To make matters worse in terms of emotional demands on the artist, although Sophie has in the past, created some atmospheric instrumentals which tell their story without needing words, this one has lyrics & hence vocals: it can't have been easy for her to approach actually singing the affecting words.
It's at once, paradoxically, an easy listen & yet a very difficult listen.
Hauntingly beautiful in a skeletal & classical way, the mood & content will play havoc with your emotions: not least because in her grief & processing of it, Sophie delves down into the deep agonising details (clearly her senses of observation were stimulated by the emotion of the process) of her vigil as her grandfather gradually faded from his previous vigorous self (though utterly without over-idealising him: his faults are outlined too) until he was departed from this world for good. With such minutiae, the dangers of trotting out the conventional clichés of loss are transcended & we plunge far deeper.
The song is directly addressed to its subject but as it was (I understand) composed after he had gone, one can only hope that its message reaches him wherever he may be: it's a wonderful, tender & intimate articulation of love.
Sophie suggests that the song is a little different from her "usual" music and while that certainly holds good for say her work with Shanghai Hostage and as a deeply & specifically personal piece within the context of her solo work, sonically at least it does bear similarities with its sparse atmospherics and "less is more" aesthetics: mood pieces are very much her forte.
For those who've seen Sophie with Shanghai Hostage, the MINTAKAA Collective or on her own, you'll be aware that the clarinet gets deployed regularly and "Watching You Fade" is no exception. It tells several stories possibly: her playing is generally very classical in style, complementing & dancing around the piano (there are so many spaces for it to do so) yet given the Italian dimension, one cannot help but draw comparisons with its role in Italian folk song and also (though it's probably that this is my ear and not Sophie's intention) with that of Ukraine too. Its plangent wail carries its song of pain & loss from one single room across the world to touch on many, amplified by the tasteful recording by Ian Todd which makes as good a use of the spaces between the sounds as the sounds themselves.

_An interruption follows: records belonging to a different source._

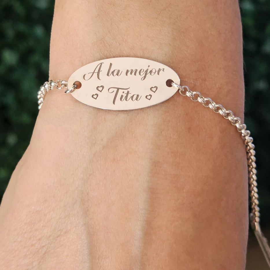 Pulsera Plata de Ley Personalizada. Diseño GRABADO PERSONALIADO.
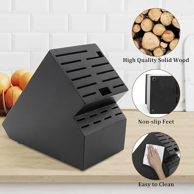 20 Slot Knife Block Storage without Knives,Acacia Wood Universal Knife Holder for Kitchen Countertop,Large Butcher Block Organizer,Easy Kitchen Knife Storage (Black)
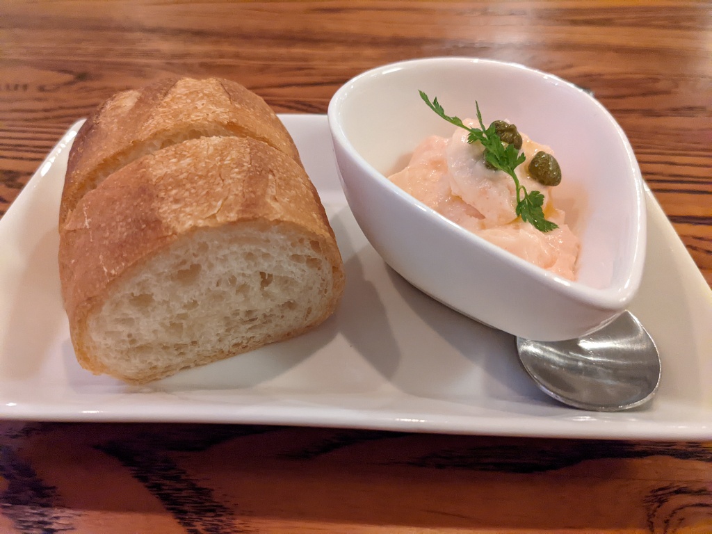 アミューズはタラモ&バゲットです。バゲットはおかわり可です。ちなみにこの日はコースにしました。コース予約は当日の11時までが原則(知らなかった)のため今回はご厚意で対応してくださったようです。次回からは早めに予約します。
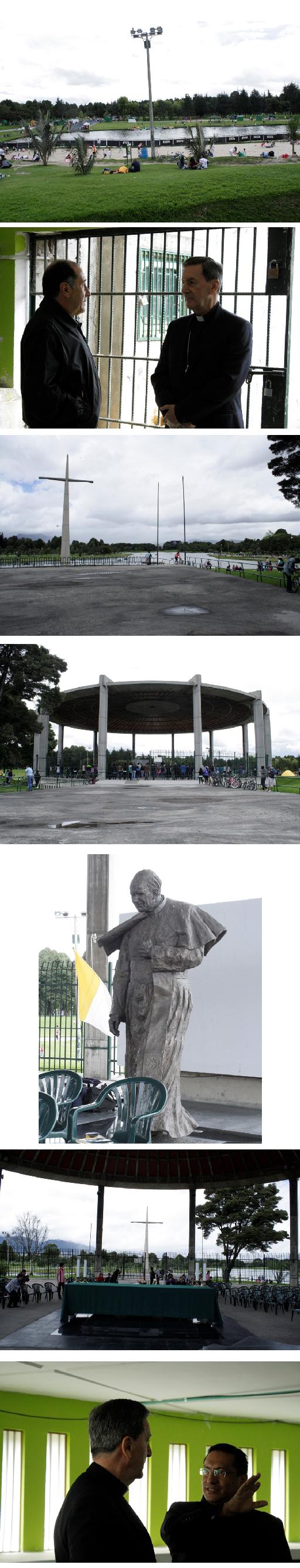 El mismo lugar que recibió a Pablo VI, que se engalanó para recibir la visita de Juan Pablo II, el Grande, que fue constituido por el eminentísimo señor cardenal Rubén Salazar Gómez, arzobispo de Bogotá y presidente del Celam, como centro de pastoral “vinculo de amor”, el 19 de junio de 2019 en una ceremonia solemne, que posee en su recinto dos esculturas en bronce de casi 3 metros de altura de la artista Julia Merizalde, en homenaje a Pablo VI y Juan Pablo II, que congrega cada domingo para la ciclo misa a las 11 de la mañana a más de 400 personas, que es testigo de cuanto evento religioso y laico que se realiza en el parque, será nuevamente el primer espectador de la presencia de Cristo en cabeza de un Papa a esta nación y ciudad necesitadas de palabras de esperanza, de alegría y paz.
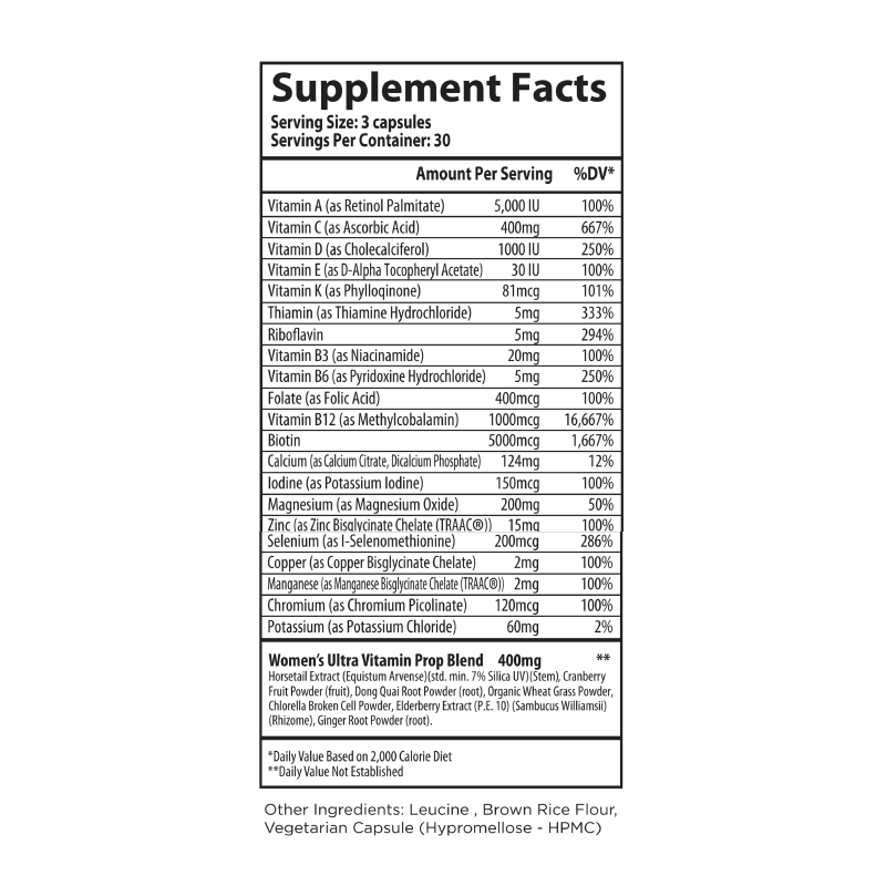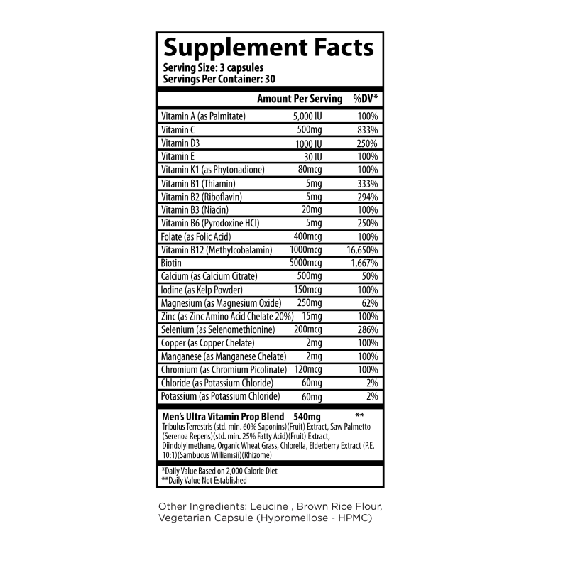 Our Ultra Vitamin 90 1-Month supply provides your body with essential multi-vitamins and minerals including 5,000mcg of biotin and 1,000iu of D3. Each capsule supplies a complete multi-vitamin and mineral formula that ensures your body is getting the comprehensive nutrition it needs. Plus, it's like an insurance policy against micro-nutrients.
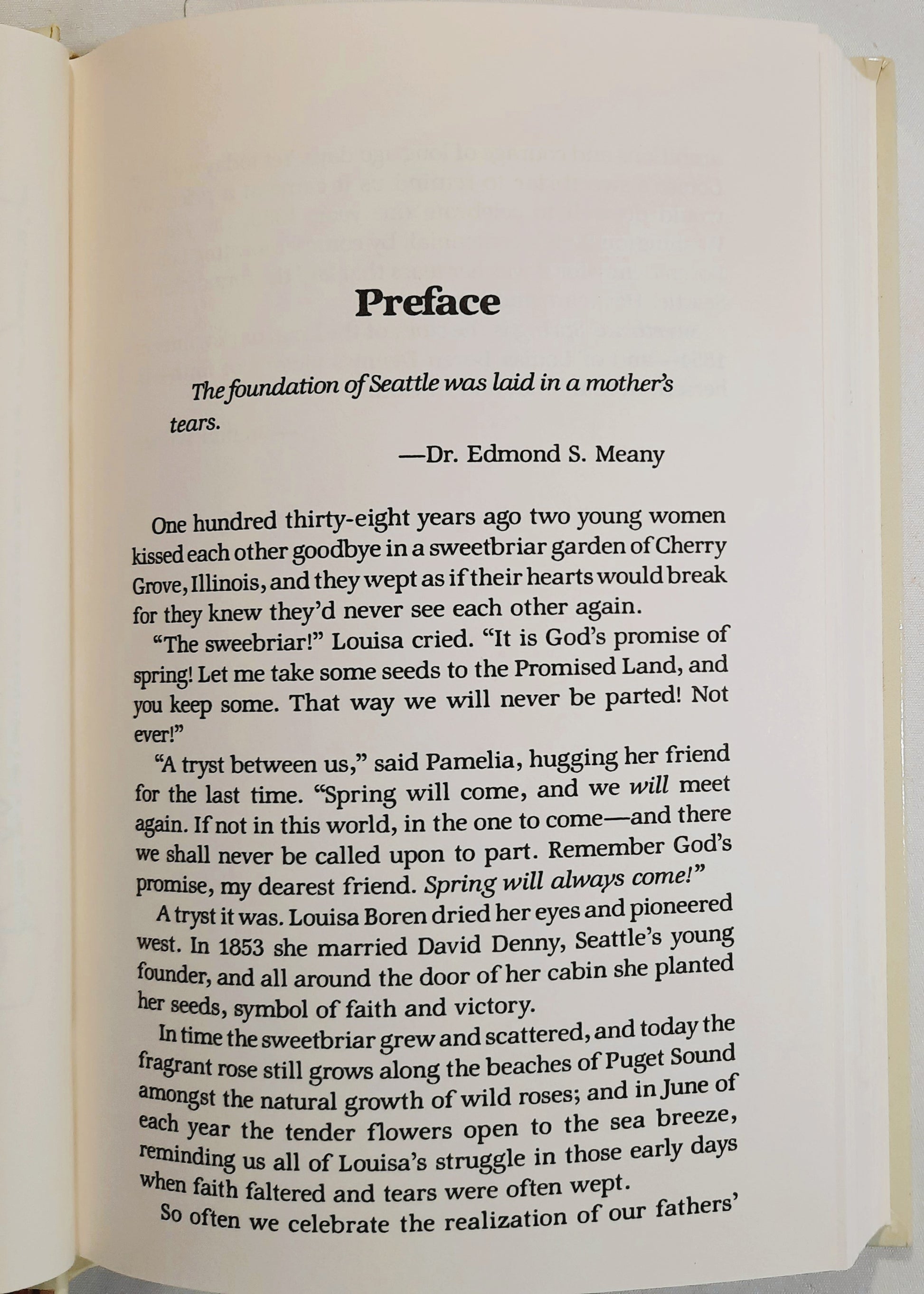 In 1851 two women kissed each other goodbye in a sweetbriar garden in Illinois. They wept for they knew they'd never see each other again. Louisa was moving to Oregon. "The sweetbriar!" Louisa cried. "They are God's promise of spring! Let me take some seeds to the Promised Land, and you deep some. That way we will never be parted! Not ever!"
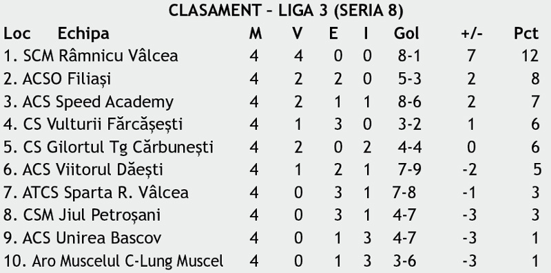 Nou-promovată în Liga 3, Vulturii Fărcășești are un start foarte bun de sezon. După patru runde, elevii lui Cătălin Bucă sunt neînvinși în Seria 8, iar antrenorul principal crede că se putea chiar mai mult. Echipa a acumulat șase puncte, dar tehnicianul este de părere că două remize se puteau transforma ușor în victorii. ,,Suntem neînvinși și îmi felicit jucătorii pentru lucrul acesta și pentru modul cum s-au prezentat și cum au înțeles tot ceea ce le-am cerut eu. Cred că puteam să fim mult mai bine, adică am scăpat printre degete victoria la Horezu în meciul cu Sparta, iar etapa trecută, la Jiul Petroșani, s-a întâmplat același lucru. Ba mai mult, am fost și dezavantajați clar de un penalti acordat gazdelor. Din păcate asta este, sunt arbitri care mai și greșesc. Trebuie să luăm totul ca atare și să ne vedem în continuare de parcursul nostru și să încercăm să strângem cât mai multe puncte”, a spus Bucă. Vineri, la Fărcășești vine cealaltă formație din Gorj, Gilortul Târgu Cărbunești. Antrenorul gazdelor se așteaptă la un meci aprins, dar în limita fair-play-ului.
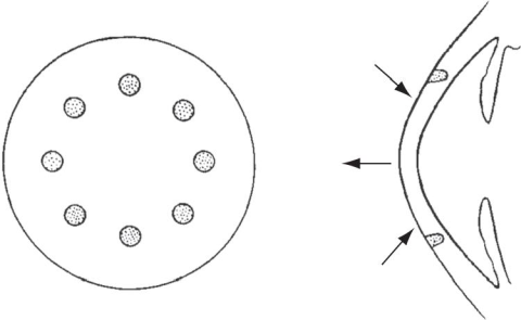 Treatment with CK is based on the effect of temperature on the biomechanical properties of the cornea.[1] At 55-65°C, collagen dehydrates and retracts, but retains its original configuration on cooling. At temperatures above 70-100°C, however, collagen completely denatures resulting in necrosis and permanent damage.[2] CK delivers controlled-released radiofrequency current (350-400 kHz) within peripheral corneal stroma to a depth of 500 µm through a thin, hand held probe (keratoplast tip; Refractec Inc., Irvine, California). The electrical impedance to energy flow through collagen fibrils increases the tissue temperature to the 65°C target resulting in controlled shrinkage of the peripheral collagen lamellae.[2][3][4][5] Circles of eight spots are created by repeated insertion of the probe at 6, 7, or 8 mm circumference optical zones as determined by nomogram for a total of 8, 16, 24, or 32 spots. Shrinking the peripheral collagen has a tightening effect on the mid-peripheral cornea which causes increased curvature of the central cornea, increasing refractive power. (See Figure 1)
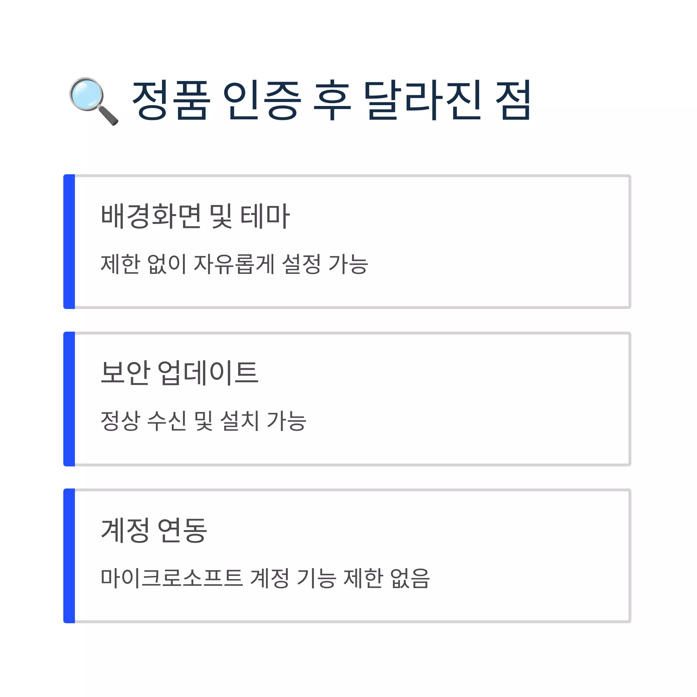 📌 정품 인증을 하니 안정성과 기능 사용 면에서 확실히 차이를 체감할 수 있었습니다.
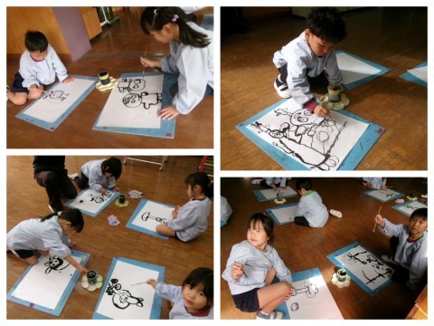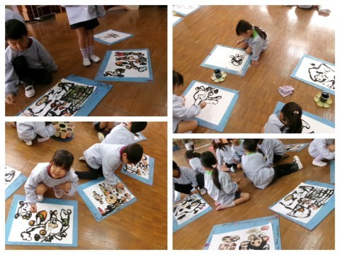 絵の具で描いた場所を踏まないように,よく周りをみて描いていました(^▽^)/

That is another matter of course & cuts to the heart of the matter when artists create something so obviously specific to a single individual subject (and the lyrics here can only refer to one person): does the celebration or lament become so narrow in focus that it excludes all the rest of us, or does it offer us the specificity of a single case which we can then apply to our own experiences by looking past the precise descriptions to a more universal emotional landscape? Well I am certain it does: why else would it move me in the way it has & why else would I have struggled to find the right words for this review? This is raw, emotional stuff and intended to be so. Yet it's not exclusionary in its subjectivity: the decision by BBC Introducing for Coventry & Warwickshire to play it prior to release indicates that they feel it isn't too strong for a mainstream audience.
Few of us go onwards on our journeys accompanied by such an elegy & Sophie's Grandad is fortunate to do so. If parts are emotionally challenging to listen to, then out of respect we should nevertheless do so. This is a cry of pain & regret, with Sophie explicitly admitting "caving" herself but it's also an offering of love: less of a paradox than two sides of a coin & almost certainly a form of catharsis too.